Throughout Bourbon Street and The French Quarter are small restaurants that solely serve alcoholic slushies, jello shots and pizza; aka the only things you will ever need. Michael got us two hurricanes (add an extra shot for $1, why not??) and we continued our jaunt. The streets of The French Quarter are lined with beautifully colored houses and buildings that made for a beautiful back drop to our boozy walk. We soon found ourselves in Louis Armstrong Park, named, of course, for Mr. Jazz himself. The park was gorgeous, with a stream running through it and statues of great musicians scattered throughout. We played “Only You” on my phone as we took in the loveliness of the park.
On the way back to our hotel (we decided we needed a nap before we went out for the night), we stopped at a corner store/mecca of delicious drunk food called Verti Marte. I had heard about this place from a local, which almost guarantees its five star status. We had the Jazz Sandwich, which was topped with shrimp, ham, turkey and veggies and it was heavenly. We ate it as we walked back to the hotel to nap, rally and head back out into the madness.

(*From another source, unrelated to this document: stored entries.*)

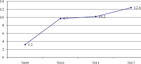 Доходы от перепродaжи путевок в 2013 году по cрaвнению c 2011 годом увеличилиcь нa 7,6 %, a по cрaвнению c 2012 годом нa 3,7 % при увеличении рacходов по cрaвнению c 2011годом нa 1,36 % и c 2012 годом нa 1,2 %.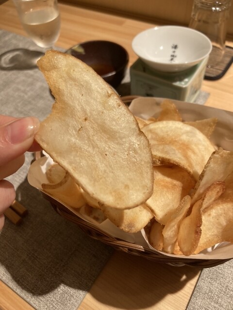自家製ポテトチップスは芋の柔らかさを残した半チップスのような仕立てでありこれが中々美味い。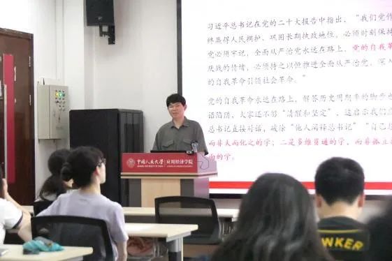为推动理论学习走深走实,团支部邀请公司延河讲师团讲师、马克思主义公司博士生朱恵羽作“自我革命:中国共产党跳出历史周期率的第二个答案”主题宣讲。朱恵羽从乡长董会祯如何获得人民拥护的案例出发,结合习近平总书记系列重要讲话精神和党的十八大以来取得的反腐败斗争重大成果,讲述了中国共产党跳出历史周期率的伟大实践经验。同学们全神贯注,认真聆听,静心思考,对习近平新时代中国特色社会主义思想有了更为深刻的认识。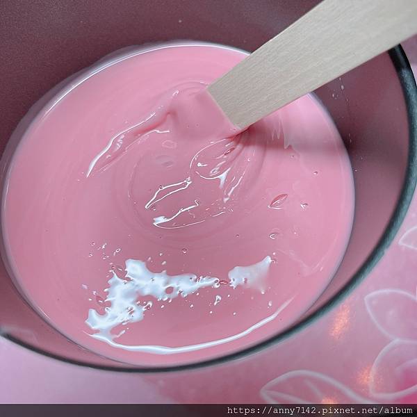 STEP3→熱蠟像這樣↓的完全融化,有點微微濃稠又有點流動的狀態,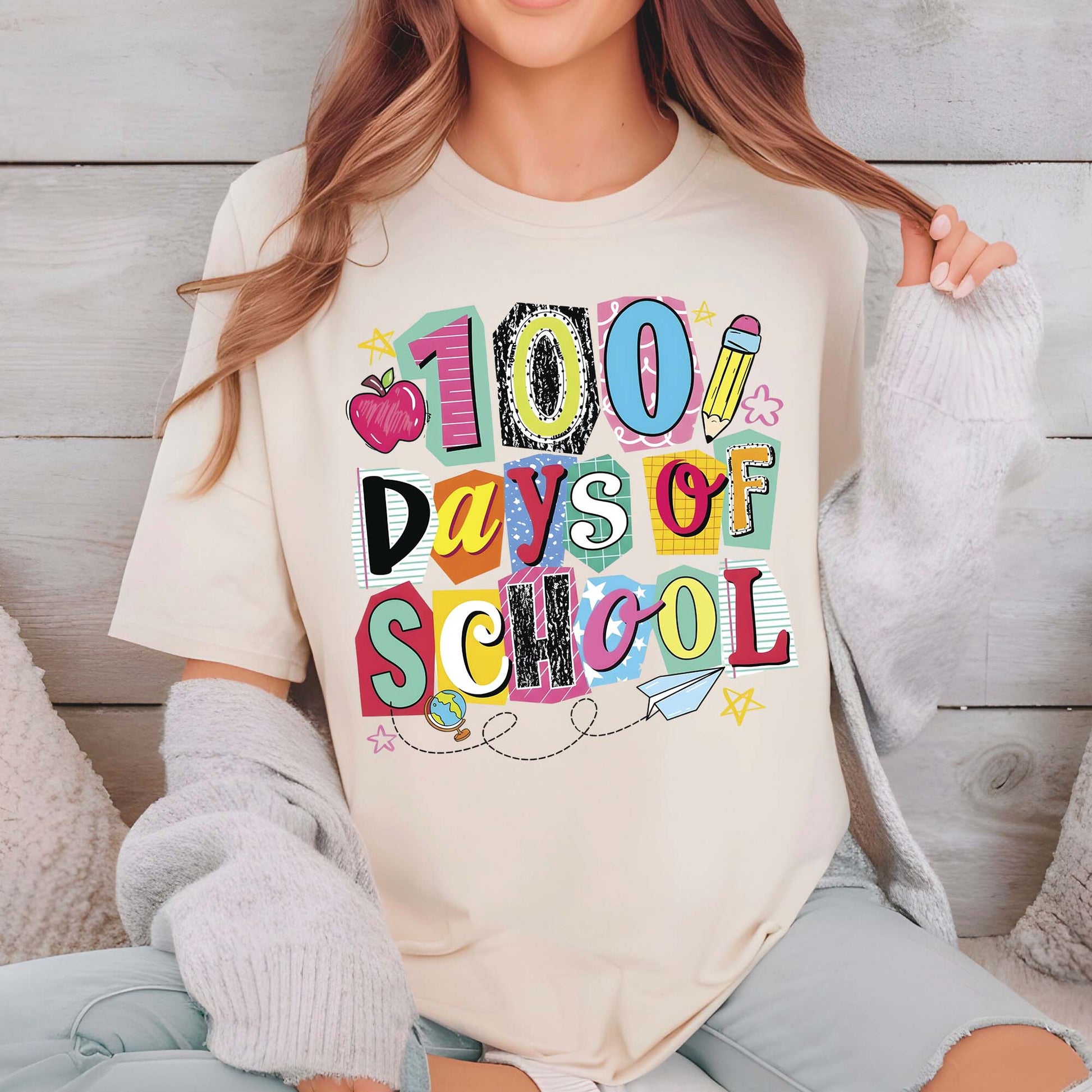 100 Days Of School Premade Gang Sheet Dtf Transfer Ready to Press Teacher Heat Transfer For Shirts, School Theme iron on Transfer Designs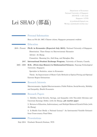 This document contains the curriculum vitae of Lei Shao, a PhD candidate in economics at the National University of Singapore. It outlines his education history, research interests in macroeconomics and applied public policies, three published research papers, teaching experience, awards and scholarships, and references. His job market paper co-authored with Professor Jie Zhang examines the effects of declining intergenerational mobility and rising social security on household savings, wealth, and income distributions.
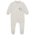 The nightgown has feet, so there won't be cold toes and et sweet sheep in front. 100% organic new wool.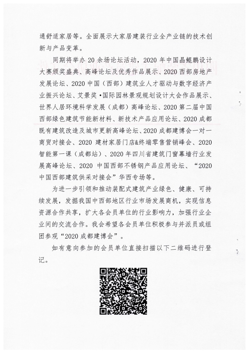 关于邀请参观2020第二十届成都建博会暨装配式建筑展览会的通知

Four hours later, we woke up. It was 11:00 PM and I was determined to go back out. Michael needed some convincing, but soon enough we were out the door and headed to Bourbon Street. Southern Decadence was in full swing, and it was not a sight for the faint of heart. Beads were flying everywhere, along with dollar bills and small samples of personal lubricant and the costumes ranged from creative and cute to one lone leather strap. We went to Maison Bourbon first, to hear some live jazz. The music was excellent and 100% worth the pricey and boring drinks. After a while, we moved on to the next bar, which featured “Huge Ass Beers”, a 32oz domestic beer of your choosing. We took to the streets, huge beers in hand, and wordlessly people watched. It was quite the spectacle. We ended the night at Mango Mango, the slushy/pizza joint, and I have never had a better tasting slice of pizza at 3:00 AM.